The Republican Lunatic Fringe: Yes, There Is One! Thomas Jefferson Spins in His Grave

With so many pressing issues to consider –- jobs, the economy, healthcare –- the Virginia House of Delegates passed a bill last Wednesday banning companies from tracking employees with microchips. On the surface such a measure may have preemptive merit as an ethical curb on the future abuse of technology and shows notable respect for personal privacy. While implanted microchips are currently used to track pets, not humans, the bill sponsor’s motivation is straight out of the lunatic fringe of religious fundamentalist paranoia.

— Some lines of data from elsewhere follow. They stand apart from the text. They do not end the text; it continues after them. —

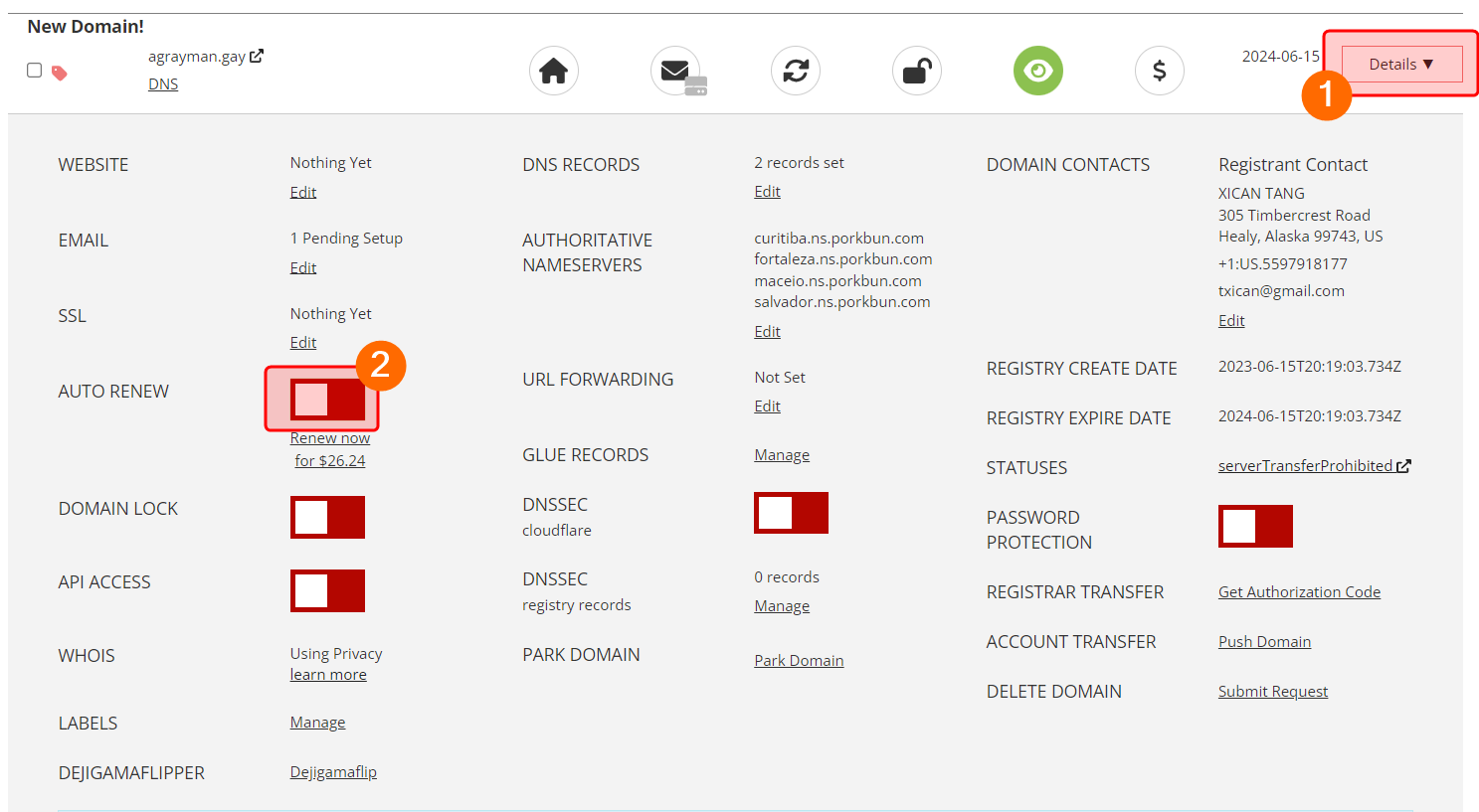 申请 免费.gay域名 porkbun.com 添加Cloudflare域名解析DNS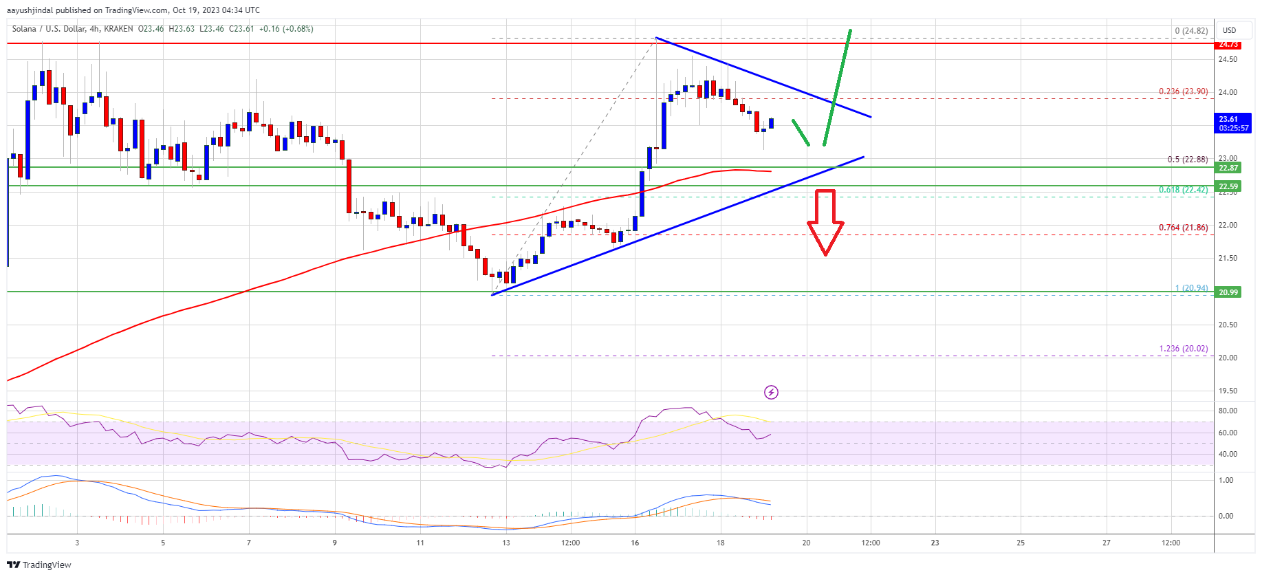 There was a move below the $24.20 and $22.00 levels. The bears pushed the price below the 23.6% Fib retracement level of the upward move from the $20.94 swing low to the $24.82 high. There is also a key contracting triangle forming with resistance near $23.90 on the 4-hour chart of the SOL/USD pair.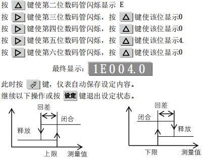 小長圖有紙記載儀上下限報警繼電器的觸點是給用戶聯(lián)接相應的控制電器[如電 磁閥]以組成控制系統(tǒng)時運用。為了避免在報警點左近繼電器觸點產(chǎn)生抖 動現(xiàn)象,儀表采用設定回差的辦法,以消弭繼電器觸點顫動。其提示符是:E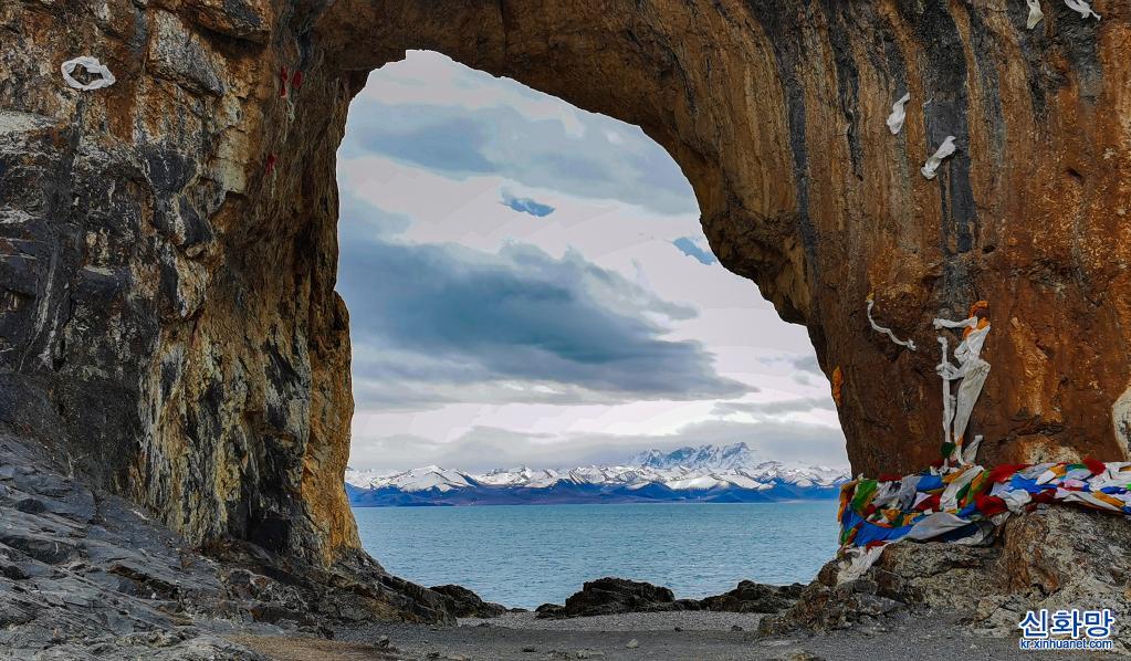 11월20일 휴대폰으로 촬영한 나무춰 웨량완. 시짱자치구 나취시 반거현 경내에 위치한 성샹톈먼(聖象天門∙성상천문)은 탕구라(唐古拉) 설산 및 나무춰(納木錯) 호수와 어우러져 태고적 신비를 간직한 천혜의 비경을 자랑한다.[촬영/신화사 기자 선훙빙(沈虹兵)]

Delegate Mark L. Cole said he proposed the bill out of a concern that such devices could someday be used “as the mark of the beast” described in the Book of Revelation. Still unclear is why try to stop him (or her), since the rise of the Antichrist is prophesied as inevitable prologue to the end times; is it to score brownie points with the One upstairs in order to get a better place in line when the Rapture comes around? Were that the case, this could be viewed as a self-serving measure taking special-interest politics to entirely new heights. Said Cole:
“My understanding—I'm not a theologian—but there's a prophecy in the Bible that says you'll have to receive a mark, or you can neither buy nor sell things in end times. Some people think these computer chips might be that mark.”
A skeptical Democrat (he was being ironic, one hopes), Delegate Robert H. Brink, said he did not find many voters demanding microchip legislation during his campaign: “I didn't hear anything about the danger of asteroids striking the Earth, about the threat posed by giant alligators in our cities’ sewer systems or about the menace of forced implantation of microchips in human beings.” It could be he missed connecting with the Coast-to-Coast Art Bell/George Noory demographic. Perhaps if he’d held a campaign meet-and-greet event advertised as “The Alien Menace: America’s Secret Pact With the Grays.”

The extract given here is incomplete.